Now more than ever, AI coding assistants like Claude and ChatGPT have made it possible for traders with zero coding experience to build and backtest trading strategies. But there's a hidden cost that nobody talks about: every time your AI iterates on a strategy, it might be pulling fresh market data from Databento's API — and each pull costs real money.

I've personally burned through hundreds of dollars in a single weekend of backtesting, when the data itself should have cost less than $5. The problem isn't Databento's pricing. The problem is that AI is doing exactly what you asked it to do with no regard to cost. Databento gives new users **$125 in free credits** for historical data — this guide will help you make those credits last.

<!--truncate-->

---

## Who Is This For?

- Traders using AI assistants (Claude, ChatGPT, etc.) to build and test strategies
- Beginners who are new to coding and rely on AI to write their scripts
- Anyone on Databento's usage-based (pay-as-you-go) pricing for historical data
- Traders who are trying to maximize their trial credits from Databento
- Developers who want a reusable prompt template for working with Databento's API

---

## The Problem: What Typically Happens

1. You open your favorite AI in the browser
2. You ask it to build a backtest for an ES futures strategy
3. Claude writes Python code that calls `client.timeseries.get_range()` to pull historical data from Databento
4. AI runs the backtest and shows you the results
5. You don't like the results, so you ask for a different strategy
6. AI writes **new** code that pulls the **same data** from Databento again
7. You change the timeframe → AI pulls the data **again**
8. You add a volume filter → AI pulls the data **again**

**Every single iteration is a fresh API call. Every API call costs money.**

> **Real example:** Pulling one day of ES futures Trades data from Databento costs approximately $0.40–$2.00 depending on the schema and date range. That sounds cheap — but if you iterate 20 times in an afternoon (which is totally normal when developing a strategy), you've spent $8–$40 on data you only needed to buy once.

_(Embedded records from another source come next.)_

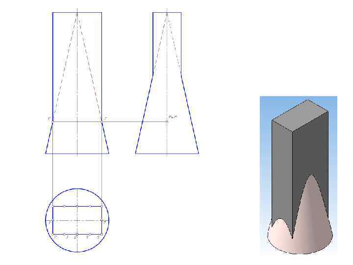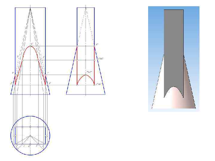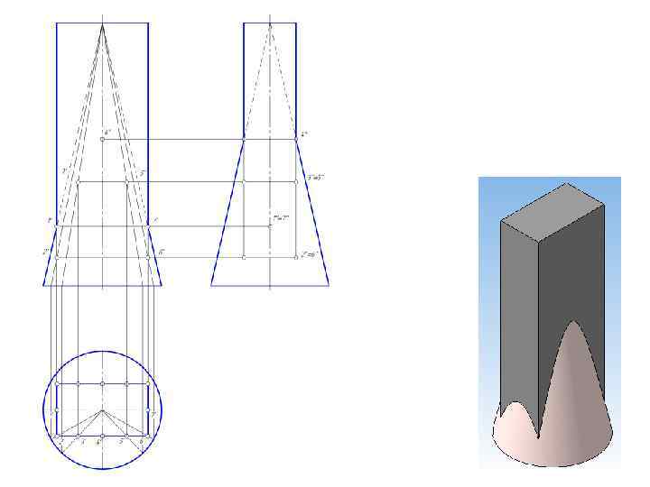 Поверхности линейчатые с одной направляющей (торсы) • Торс – линейчатая поверхность, которую можно совместить всеми ее точками с плоскостью без складок и разрывов. • Такие поверхности называю также развертывающимися поверхностями. • К ним относятся: • а) поверхность с ребром возврата; • б) поверхность цилиндрическая; • в) поверхность коническая.
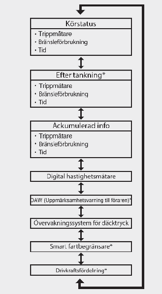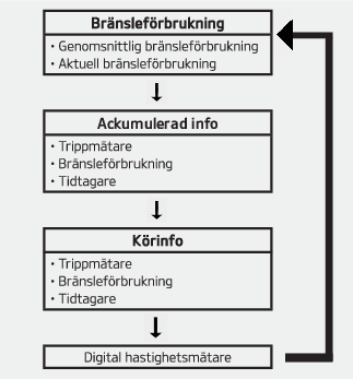 Denna display visar färdsträckan, genomsnittlig bränsleförbrukning och total körtid informationen uppdateras en gång per en tändcykel.
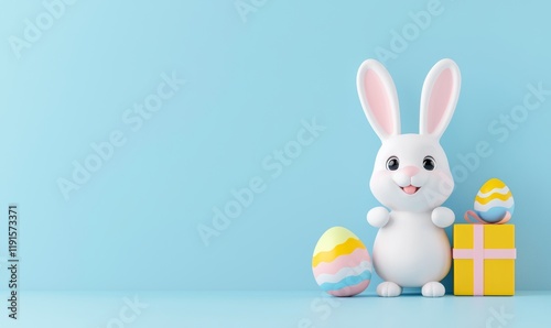 A 3D illustration featuring the Easter bunny inside an Easter egg, with a vibrant springtime Easter theme
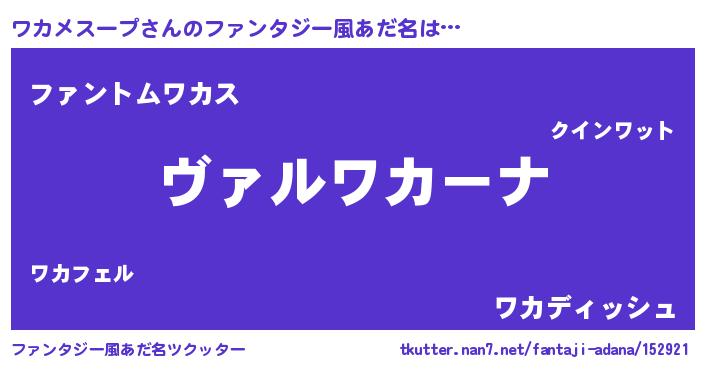 | 男性向けラノベタイトル風あだ名 | 『この素晴らしい世界にワカメスープを!』 |
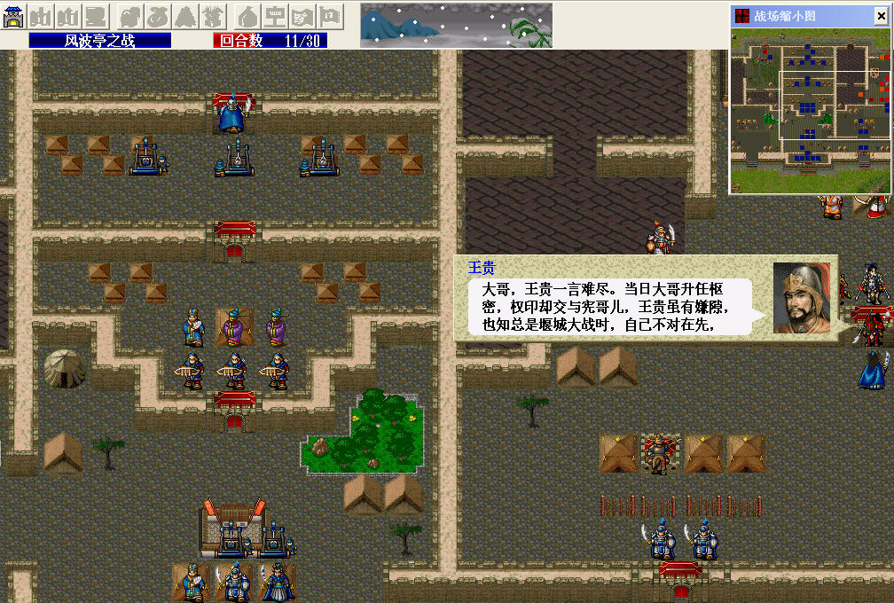 终于打到小商河了,出现了很多人都碰到过的问题,第四回合结束岳云只能勾引到一个弓箭手而无法在第五回合与杨再兴对话,在版上查阅无数贴子无果之后我自己修改了一下杨再兴和岳云的装备进行了测试,终于发现能让岳云产生吸引力的条件。。。
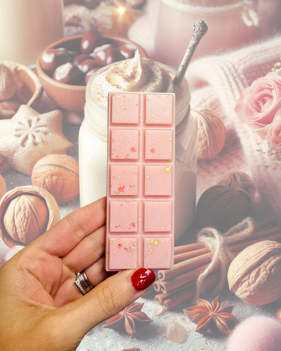 A sweet and creamy accord where warm chestnuts and hazelnuts are blended with soft spicy notes of white ginger, cinnamon, clove and a hint of coffee on a whipped vanilla base.
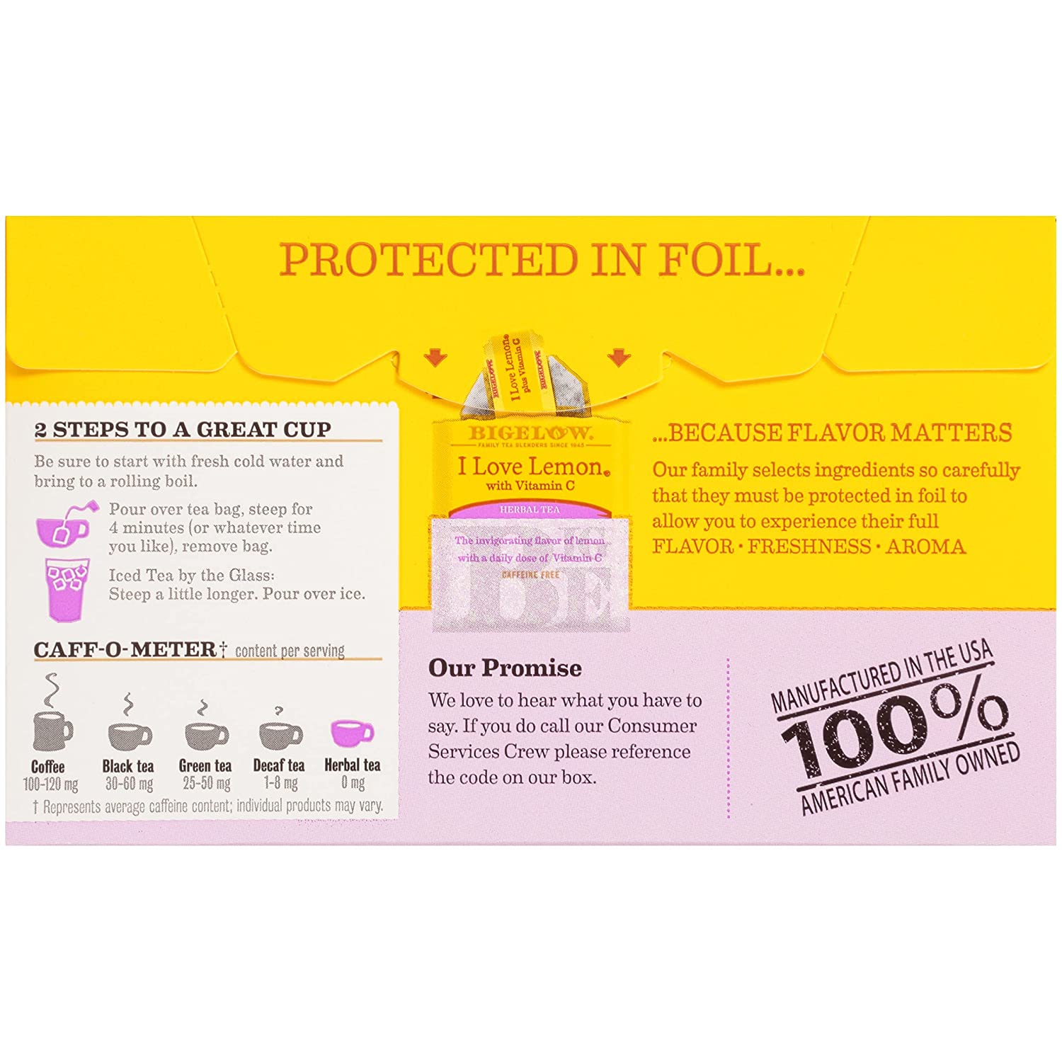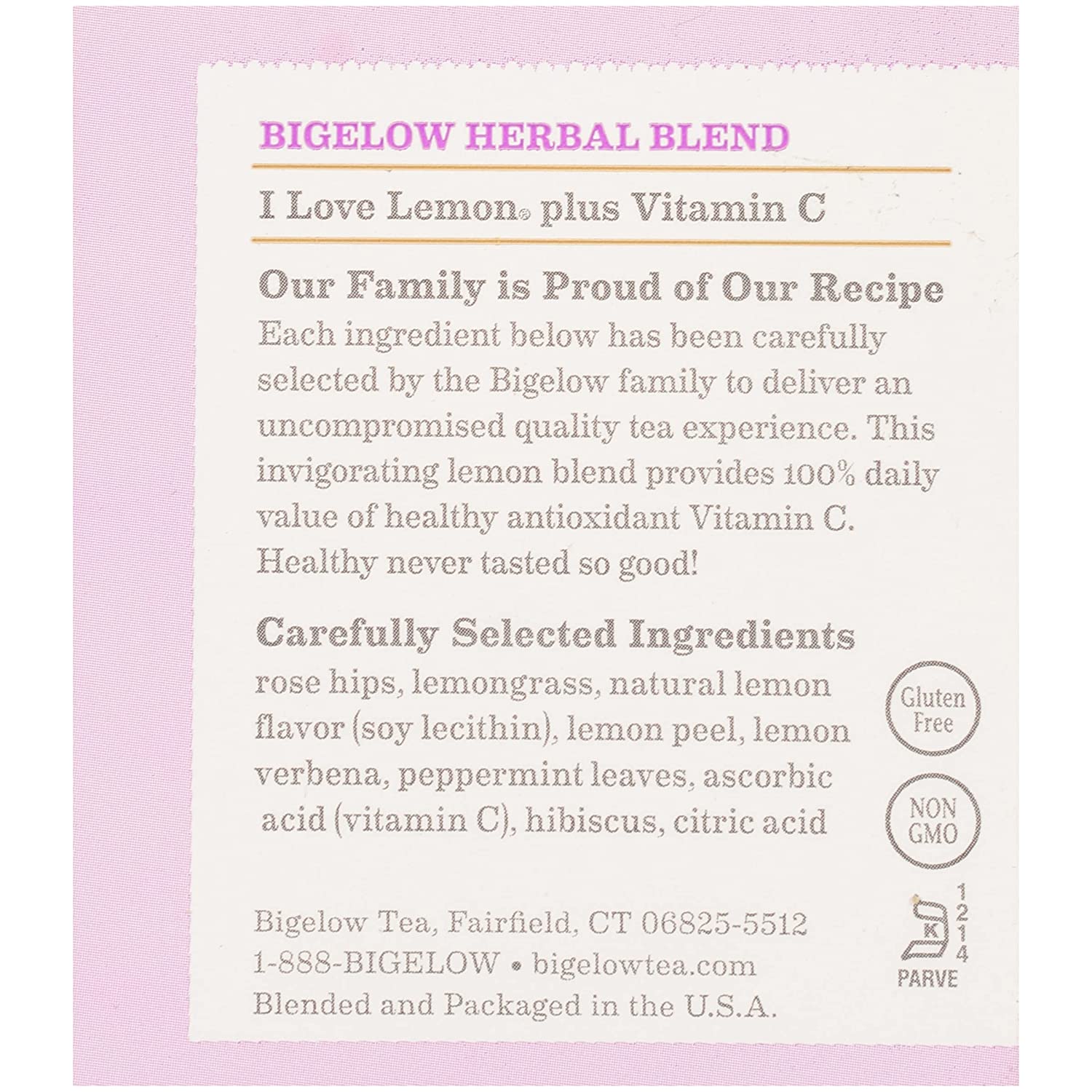 Bigelow Tea I Love Lemon with Vitamin C Herbal Tea, Caffeine Free, 20 Count (Pack of 6), 120 Total Tea Bags

Scale that up to a week of data using a more detailed schema like MBP-1, and suddenly you're looking at **$50–$200+ for a single afternoon of experimentation**.

---

## Why AI Does This

This isn't the AI's fault, exactly. AI coding assistants don't have memory between responses in most setups, and they aren't tracking which data you've already pulled. Each time you ask for a new strategy or modification, the AI starts fresh — so it does the "safe" thing and pulls the data again.

The AI also doesn't know:

- That Databento charges per API call on usage-based plans
- That `metadata.get_cost` exists to preview costs before pulling
- Which schema is the most cost-efficient for your use case
- That you can save data locally and reuse it forever

**You don't know what you don't know. And neither does the AI, unless you tell it.**

---

## The Solution: Pull Once, Iterate Forever

The fix is simple:

1. Pull your data once and save it as a local file (CSV or Parquet)
2. Every iteration after that reads from the local file — never touching the API again
3. Split your data into in-sample and out-of-sample sets for proper validation
4. Only call the API again when you need genuinely different data (different date range, symbol, or schema)

---

## Step 1: Know What You Need BEFORE You Pull

Before making any API call, answer these questions:

- What symbol(s) do I need?
- What date range covers enough history for my strategy?
- What schema matches my actual strategy requirements?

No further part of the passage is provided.